JAKARTA - Buntut dari penerbitan surat jalan dan red notice buronan Djoko Tjandra, tiga Jenderal Polri dicopot dari jabatannya. Ketiganya diduga terlibat secara langsung maupun tidak pada persoalan tersebut. Mereka adalah Brigjen Prasetyo Utomo, Brigjen Nugroho Wibowo, dan Irjen Napoleon Bonaparte

Untuk Brigjen Prasetyo diduga merupakan dalang dari penerbitan surat jalan Djoko Tjandra. Surat dengan nomor SJ/82/VI/2020/Rokorwas, diterbitakan tertanggal 18 Juni 2020 dan digunakan untuk perjalanan ke Pontianak, Kalimantan Barat dari Jakarta pada 19 Juni dan kembali pada 22 Juni 2020.

Kemudian, Brigjen Nugroho diduga melanggar kode etik karena menerbitkan surat penyampaian masa berlaku red notice Djoko Tjandra. Sedangkan Irjen Napoleon melanggar kode etik karena lalai mengawasi anggotanya.

Dugaan keterlibatan jenderal besar dalam kasus Djoko Tjandra tentu jadi persoalan serius bagi Polri. Peneliti Institute for Security and Strategic Studies bidang Kepolisian, Bambang Rukminto menunyebut, Institusi Polri harus segera membongkar pihak lainnya yang diduga ikut terlibat

"Indikasi ke arah sana (keterlibatan Jenderal lain), karena kejahatan korupsi selalu dilakukan bukan oleh aktor tunggal. Makanya pengusutan harus dilakukan sampai tuntas dan transparan," ucap Bambang kepada VOI, Minggu, 19 Juli.

Salah satu cara yang bisa dilakukan dengan memeriksa para Jenderal tersebut. Tetapi, pengungkapan dugaan keterlibatan lainnya juga bisa dilakukan dengan menangkap Djoko Tjandra. Sebab, pria yang sudah berstatus buron selama bertahun-tahun itu merupakan saksi kunci dari keterlibatan pihak lain.

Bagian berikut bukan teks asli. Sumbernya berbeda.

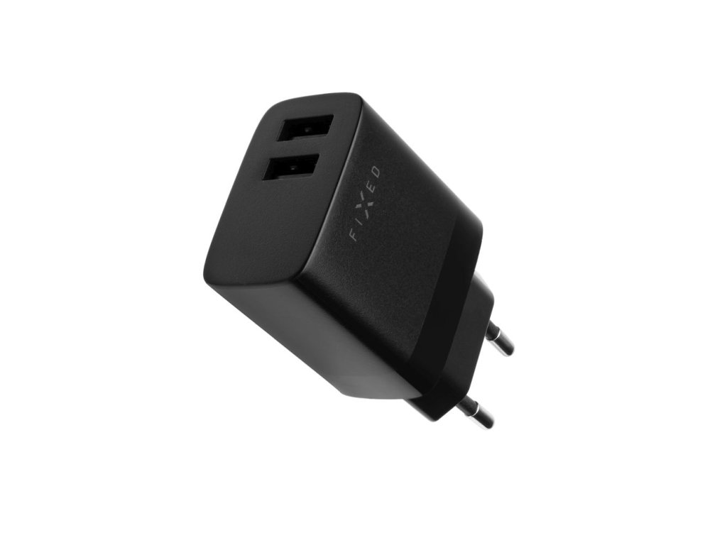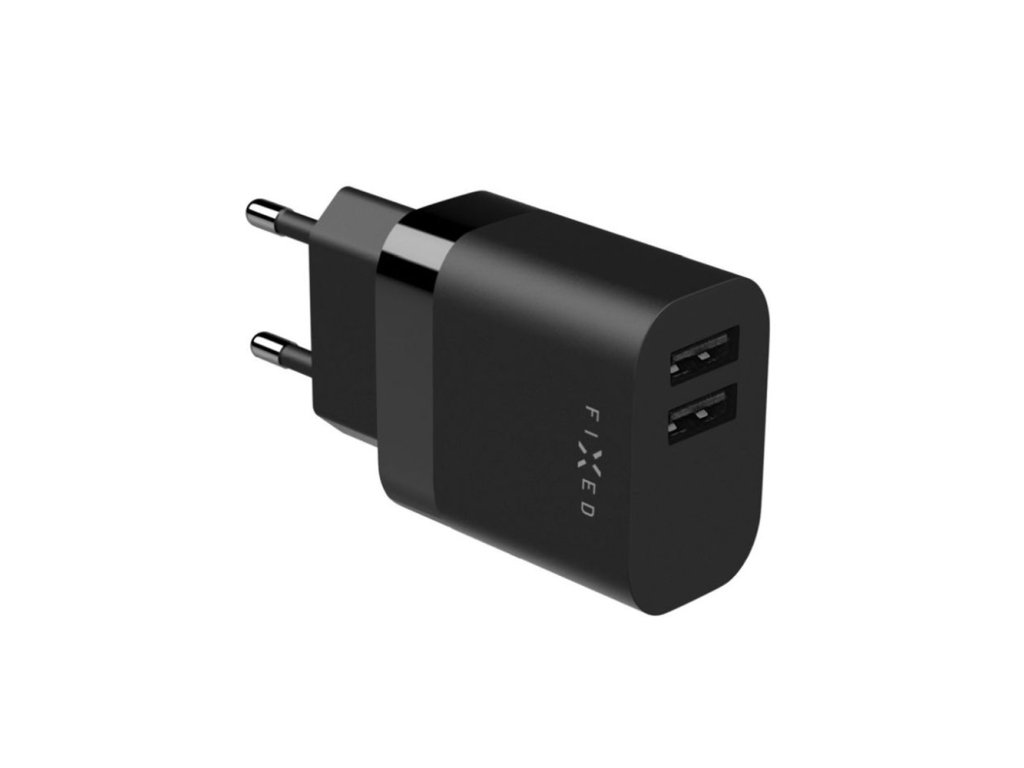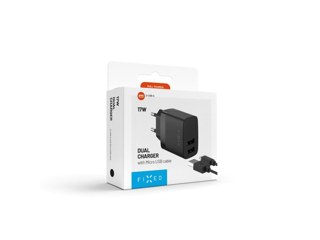 Fixed - Wall Charger sieťová nabíjačka (2× USB, Smart Rapid Charge, 17W, USB – micro-USB kábel 1 m) - čierna

"Usut tuntas dan kembali fokus menangkap Djoko Tjandra. Selain sebagau DPO, saat ini dia juga saksi kunci dari kasus yang melbiatkan para jenderal itu," tegas Bambang.

Lebih jauh, jika nantinya perkara ini bisa terungkap secara tuntas, citra Polri di masyarakat akan kembali pulih. Sebab, dengan adanya keterlibatan para petinggi Polri, rasa ketidakpercaraan masyarakat saat ini begitu tinggi.

"(Penindakan) tegas dan transparan. Kepercayaan kepada Polri harus dibangun dengan transparansi dan konsistensi pada penegakan hukum bagi anggotanya juga," pungkas Bambang.

Sekadar informasi, Djoko Tjandra merupakan buronan kasus pengalihan hak yang mengakibatkan terjadinya pergantian kreditur Bank Bali senilai Rp904 miliar yang ditangani Kejaksaan Agung.

Kejaksaan pernah menahan Joko Tjandra pada 29 September 1999 hingga Agustus 2000. Namun, hakim Pengadilan Negeri Jakarta Selatan memutuskan ia bebas dari tuntutan karena perbuatannya bukan pidana melainkan perdata.

Selain itu, Kejaksaan mengajukan PK terhadap kasus Djoko ke Mahkamah Agung pada Oktober 2008. Akhirnya, majelis hakim menjatuhkan vonis dua tahun penjara terjadap Djoko Tjandra dan harus membayar Rp15 juta. Uang milik Joko di Bank Bali Rp546,166 miliar pun dirampas negara.